In this step, we train a deep (feed-forward) classifier:
$$
\hat{f}\triangleq \operatorname{Softmax}_N\circ W_J\circ \sigma \bullet \dots \sigma \bullet W_1,
$$
to identify which barycenter we are closest to.

Re-Load Grid and Redefine Relevant Input/Output dimensions in dictionary.

#### Train Deep Classifier

In [None]:
# Re-Load Hyper-parameter Grid
exec(open('CV_Grid.py').read())
# Re-Load Classifier Function(s)
exec(open('Helper_Functions.py').read())

In [None]:
print("==========================================")
print("Training Classifer Portion of Type-A Model")
print("==========================================")

# Redefine (Dimension-related) Elements of Grid
param_grid_Deep_Classifier['input_dim'] = [2]
param_grid_Deep_Classifier['output_dim'] = [N_Quantizers_to_parameterize]
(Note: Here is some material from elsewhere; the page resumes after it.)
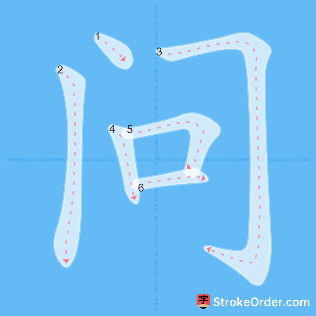 Watch the video of writing the Chinese character "问", learn the correct stroke order (笔顺) of the character "问", and master the standard way of writing the character "问".

# Train simple deep classifier
predicted_classes_train, predicted_classes_test, N_params_deep_classifier, timer_output = build_simple_deep_classifier(n_folds = CV_folds, 
                                                                                                        n_jobs = n_jobs, 
                                                                                                        n_iter = n_iter, 
                                                                                                        param_grid_in=param_grid_Deep_Classifier, 
                                                                                                        X_train = X_train, 
                                                                                                        y_train = Classifer_Wasserstein_Centers,
                                                                                                        X_test = X_test)
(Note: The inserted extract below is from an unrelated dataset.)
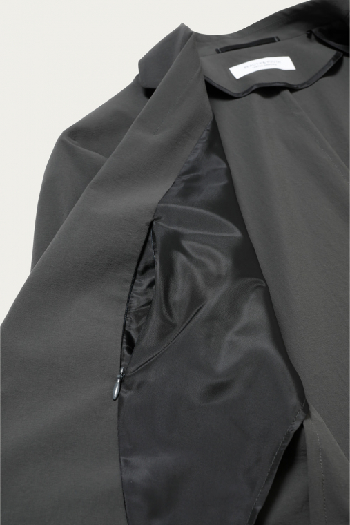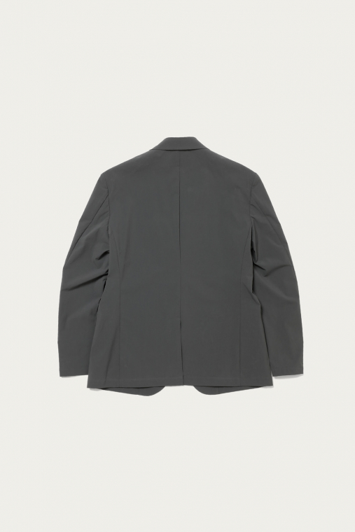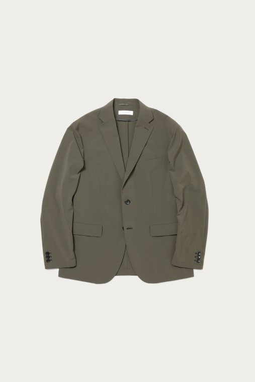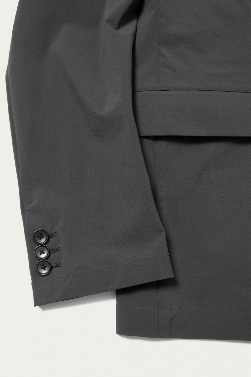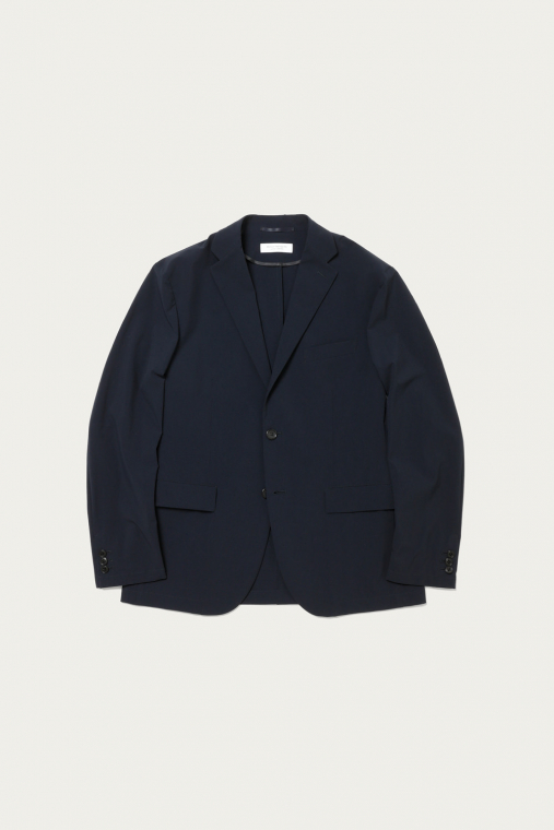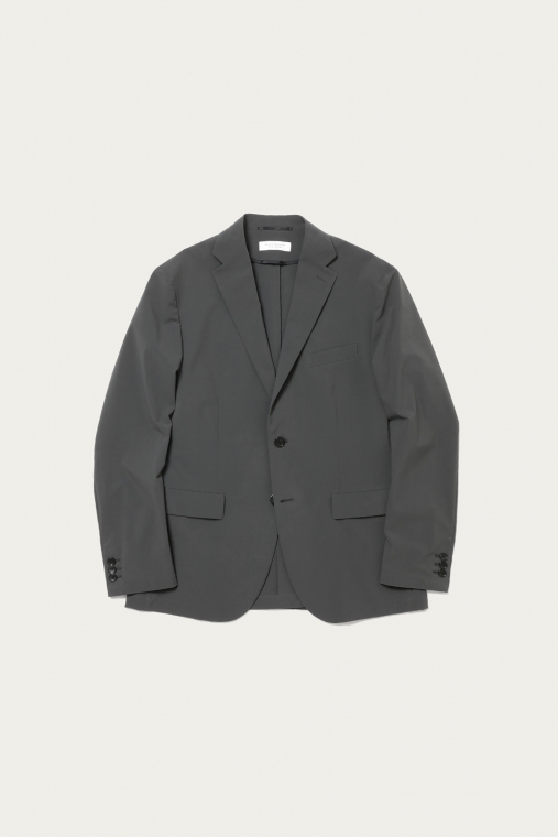 同素材のスラックスとともに製作した、ナイロンの2Bジャケット。撥水性を備えた機能的な生地ながら、マットで膨らみのある質感はスポーティすぎず、きれいめな装いに自然にマッチします。スマートなシルエットですが、生地自体に伸縮性があるため窮屈さが無く、動きやすいのが特長です。セットアップで、単体でと活用の幅が広いのも魅力的。

print("=================================================")
print("Training Classifer Portion of Type-A Model: Done!")
print("=================================================")
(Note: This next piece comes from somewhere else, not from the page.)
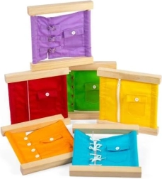 Το σετ έξι μοντεσόρι πλαισίων από την Bigjigs Toys βοηθά παιδιά από 3 ετών να εξασκούν την αυτοεξυπηρέτηση και τη λεπτή κινητικότητα. Κάθε ξύλινο πλαίσιο προσφέρει διαφορετικό κλείσιμο – φερμουάρ, κουμπιά, κορδόνια, αγκράφες, τρουκς και κλιπ Velcro. Κατασκευασμένο από ξύλο με πιστοποίηση FSC, ασφαλή μη τοξικά χρώματα, πληροί τα ευρωπαϊκά πρότυπα.

#### Get Predicted Quantized Distributions
- Each *row* of "Predicted_Weights" is the $\beta\in \Delta_N$.
- Each *Column* of "Barycenters_Array" denotes the $x_1,\dots,x_N$ making up the points of the corresponding empirical measures.

In [None]:
# Format Weights
## Train
print("#---------------------------------------#")
print("Building Training Set (Regression): START")
print("#---------------------------------------#")
Predicted_Weights = np.array([])
for i in tqdm(range(N_Quantizers_to_parameterize)):    
    b = np.repeat(np.array(predicted_classes_train[:,i],dtype='float').reshape(-1,1),N_Monte_Carlo_Samples,axis=-1)
    b = b/N_Monte_Carlo_Samples
    if i ==0 :
        Predicted_Weights = b
    else:
        Predicted_Weights = np.append(Predicted_Weights,b,axis=1)
print("#-------------------------------------#")
print("Building Training Set (Regression): END")
print("#-------------------------------------#")

## Test
print("#-------------------------------------#")
print("Building Test Set (Predictions): START")
print("#-------------------------------------#")
Predicted_Weights_test = np.array([])
for i in tqdm(range(N_Quantizers_to_parameterize)):
    b_test = np.repeat(np.array(predicted_classes_test[:,i],dtype='float').reshape(-1,1),N_Monte_Carlo_Samples,axis=-1)
    b_test = b_test/N_Monte_Carlo_Samples
    if i ==0 :
        Predicted_Weights_test = b_test
    else:
        Predicted_Weights_test = np.append(Predicted_Weights_test,b_test,axis=1)
print("#-----------------------------------#")
print("Building Test Set (Predictions): END")
print("#-----------------------------------#")
        
# Format Points of Mass
print("#-----------------------------#")
print("Building Barycenters Set: START")
print("#-----------------------------#")
Barycenters_Array = Barycenters_Array.T.reshape(-1,)
print("#-----------------------------#")
print("Building Barycenters Set: END")
print("#-----------------------------#")

#### Stop Timer

In [None]:
# Stop Timer
Type_A_timer_end = time.time()
# Compute Lapsed Time Needed For Training
Time_Lapse_Model_A = Type_A_timer_end - Type_A_timer_Begin

### Get Model Complexities

In [None]:
Model_Complexity = pd.DataFrame({"N_Centers":N_Quantizers_to_parameterize,
                                 "N_Q":N_Monte_Carlo_Samples,
                                 "N_Params":N_params_deep_classifier,
                                 "Training Time":Time_Lapse_Model_A,
                                 "T_Test/T_Test-MC": (timer_output/test_DATA_MC),
                                 "Time Test": timer_output,
                                 "Time EM-MC": test_DATA_MC},index=["Model_Complexity_metrics"])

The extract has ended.